Shareholder Agreements
The TCC governs internal corporate governance through the articles of association. Shareholders’ agreements (hissedarlar sözleşmesi or ortaklar sözleşmesi) are also commonly used, especially in multi-shareholder companies or VC-backed startups, to agree on:
- Decision-making thresholds for specific matters
- Drag-along and tag-along rights for share transfers
- Non-compete obligations
- Information rights and reporting obligations
- Employment terms for founder-shareholders
Shareholders’ agreements are contractual and bind the signing parties, but they do not override TCC provisions or operate against third parties. They complement (rather than replace) the articles of association.
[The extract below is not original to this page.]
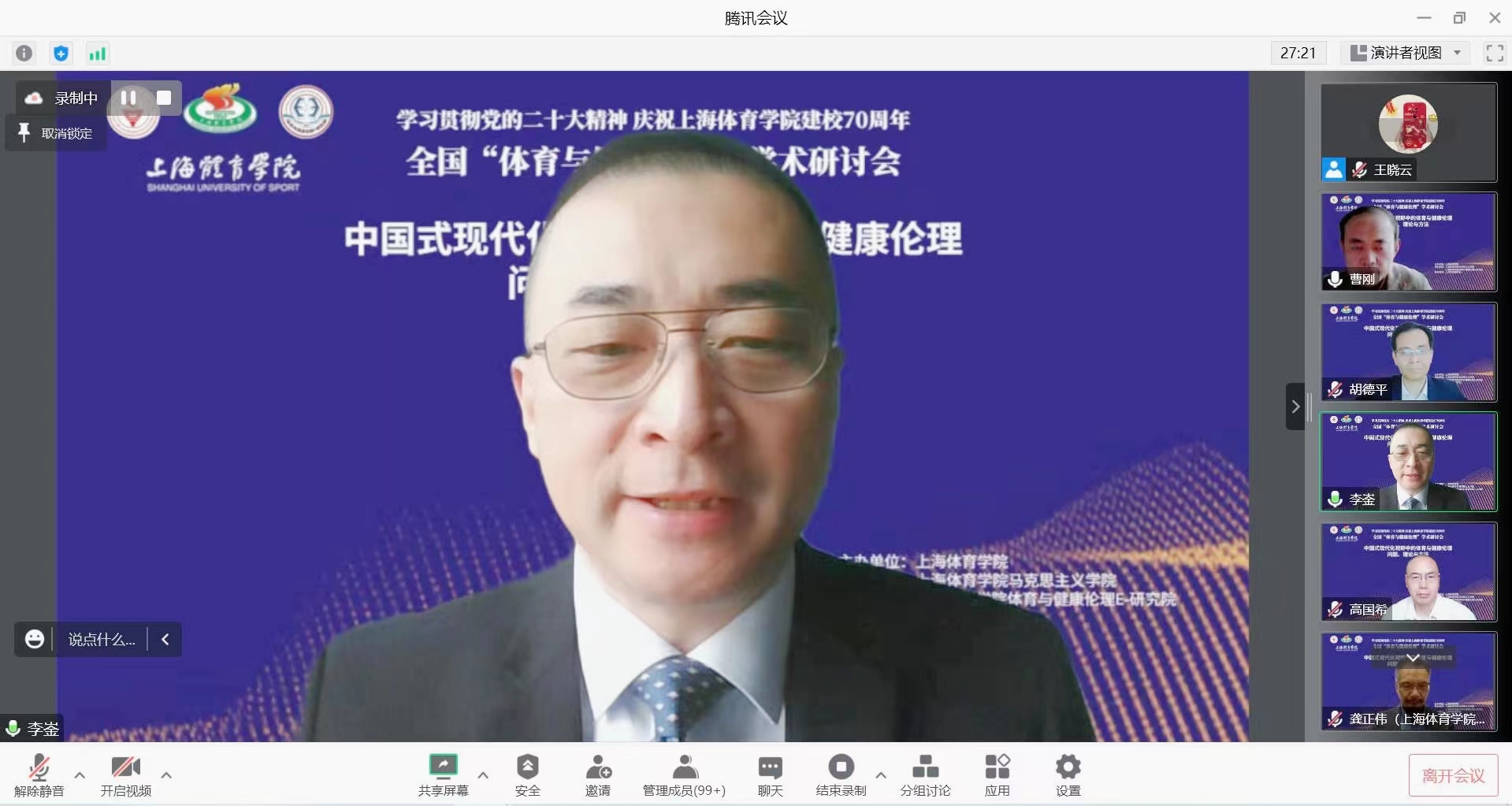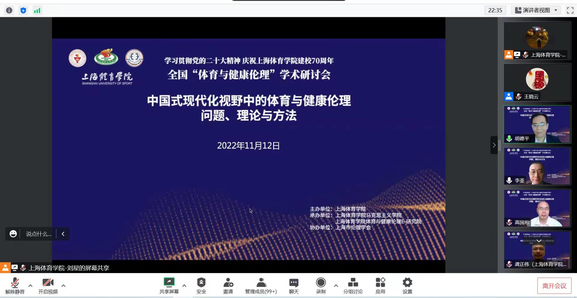 为深入学习贯彻党的二十大精神,11月12日,由XCSport主办、XCSportXCSport和XCSport体育与健康伦理E-研究院联合承办,上海市伦理学会协办的全国“体育与健康伦理”学术研讨会在线上举行,此次研讨会也是庆祝XCSport建校70周年系列学术活动之一。

Public Company Corporate Governance
For companies listed on Borsa Istanbul (BIST), the SPK Corporate Governance Principles apply. Key requirements for listed companies include:
- Independent board members: At least 1/3 of board members must be independent
- Corporate governance committee: Mandatory for companies in certain indices
- Audit committee: Mandatory
- Nomination and remuneration committees: Required for larger listed companies
- Mandatory dividend distribution: SPK sets minimum payout ratios for profitable listed companies
- Public disclosure: Timely disclosure of material events through the KAP (Public Disclosure Platform)
Compliance Calendar
Corporate governance compliance requires regular attention:
| Obligation | Deadline |
|---|---|
| Annual ordinary general assembly | By March 31 |
| Annual financial statements approval | At or before general assembly |
| Independent audit (if required) | Before general assembly |
| Profit distribution resolution | At annual general assembly |
| Board of directors term renewal (JSC) | Per articles/as terms expire |
| Trade Registry filing after general assembly | Within 15 days of assembly |
See our Annual Compliance Requirements guide for the full compliance calendar.
Frequently Asked Questions
Does a single-shareholder LLC need to hold a formal general assembly? For a single-shareholder LLC, the shareholder makes all decisions by written declaration (yazılı karar) — no formal meeting is required. The written declaration must be documented and retained.
Can the board of a JSC make decisions by circulation (without a physical meeting)? Yes. Under TCC Article 390, the board can pass resolutions by written signature without convening a physical meeting, provided all board members sign the resolution. This is commonly used for routine decisions.
Do foreign shareholders and board members have the same rights as Turkish nationals? Yes. Turkish commercial law does not discriminate between Turkish and foreign shareholders or board members (subject to the domicile requirement for one director in a JSC). All shareholder rights apply equally.
When is an independent audit required for a Turkish company? Independent audit is required for companies meeting two of three size thresholds (annual net turnover over 150 million TRY, total assets over 75 million TRY, or more than 250 employees) for two consecutive years. Additionally, specific company types (banks, insurance, listed companies) require mandatory audit. See our Annual Compliance guide.